Critique: March Fo(u)rth Divestment Day of Action

I am going to start sharing more of my critical thoughts about the modern environmental movement on this blog. It will continue to be a hub of resources and updates for environmental activists, but I will also be branching into critiques of the modern environmental movement. If a post is tagged “critique,” then you know what it will be about.

Here’s the framing for my thoughts: the climate movement is unlike any movement before. We’re not fighting for one age, gender, ethnicity, culture, or country. We are fighting for every single person, animal, and plant on this planet and all future generations. Therefore our movement must be inclusive and massive. Of course, not everyone should be expected to be activists, devoting time and energy to organizing. This is why those involved with the movement today must more provide opportunities for others to get involved. We have not reached the stage where we have an inclusive environmental movement. My goal is to figure out how we get there.

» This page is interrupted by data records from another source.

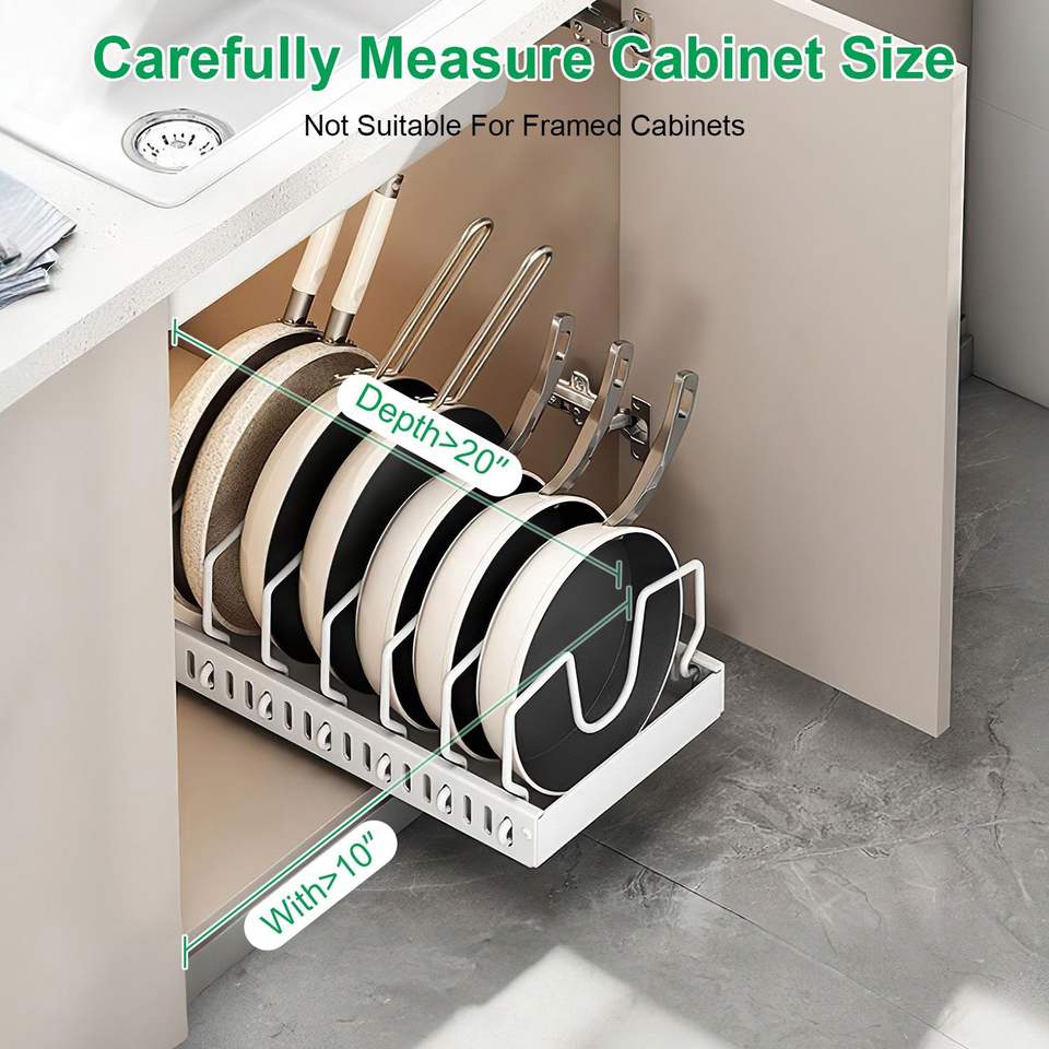 Organisateur de casseroles et poêles coulissant sous l'armoire, en acier au carbone antirouille, avec 8 séparateurs réglables, pour la cuisine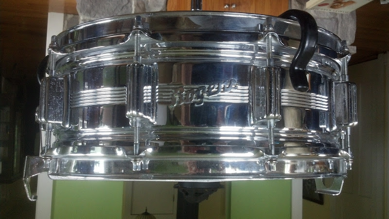 SOLD Ludwig 402 14 x 6 1/2 Supraphonic "Bonham" snare drum No. 2020625, round blue/olive badge; $450 SHIPPED in lower 48
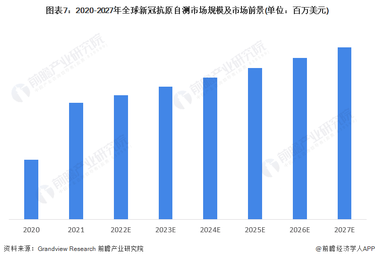 2021年抗原自测市场将超1500万美元;至2027年,其市场规模将受中国市场的打开而扩大超2200万美元。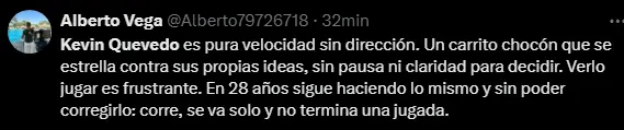 "Kevin Quevedo es pura velocidad sin dirección. Un carrito chocón que se estrella contra sus propias ideas, sin pausa ni claridad para decidir. Verlo jugar es frustrante. En 28 años sigue haciendo lo mismo y sin poder corregirlo: corre, se va solo y no termina una jugada."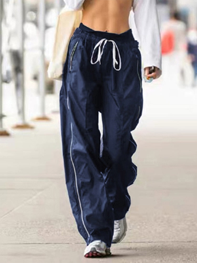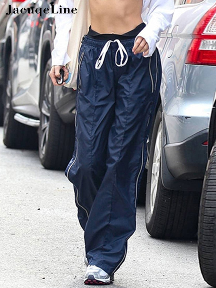 Jacqueline Summer 2022 Baggy Y2K Blue Fashion Casual Women Pants Low Waist Sweatpant Straight Trousers Street Retro Cargo Pant

Today, students around the world are marching fourth on March 4th for a divestment day of action. This should be one of the largest showings of communication and coordination among the recent divestment movement. As you probably have gathered from my blog, I am nothing but supportive of the divestment movement, and I truly believe that it has changed the fate of the larger climate movement.

The slogan for the day of action is “Divestment is a tactic, justice is our goal.” While we are fighting for justice, this slogan–in my  view–misrepresents the ideals of the divestment and larger climate movement. Here’s why:

1) The slogan belittles divestment. Yes, divestment is a tactic within the larger climate movement. It is neither a beginning nor an end, and students are pivoting power off campus to fight other fossil fuel infrastructure. But people should not be so quick to short-change the historical momentum of divestment. The slogan to me portrays divestment as a blip. But it’s not. It’s revolutionary.

2) People get involved with environmentalism for many different reasons. Not everyone is fighting for justice. It is wrong to impose this goal on others. I wrote a 15 page paper on this topic during my Sophomore year in high school as I explored how global warming could become the central issue of my generation. I learned that some people get involved because they want their children to have a better future. Some get involved to save their homes, help people in other parts of the world, protect local industries, conserve forests…the reasons are varied and broad. Environmentalists and activists should not impose a goal. We’re all trying to mitigate climate change. But below that level of analysis, it’s too individual to define.

3) It is naive for environmentalists to say that “justice is our goal.” Injustice has always and will always exist. Even the most moral movement will never achieve justice as a holistic goal. But we are fighting for climate justice. It is unfair for minority populations, developing economies, or future generations to be most impacted by climate change when they did little or nothing to cause it. We can fight for climate justice. It is important to distinguish.

These are my thoughts for today. More soon!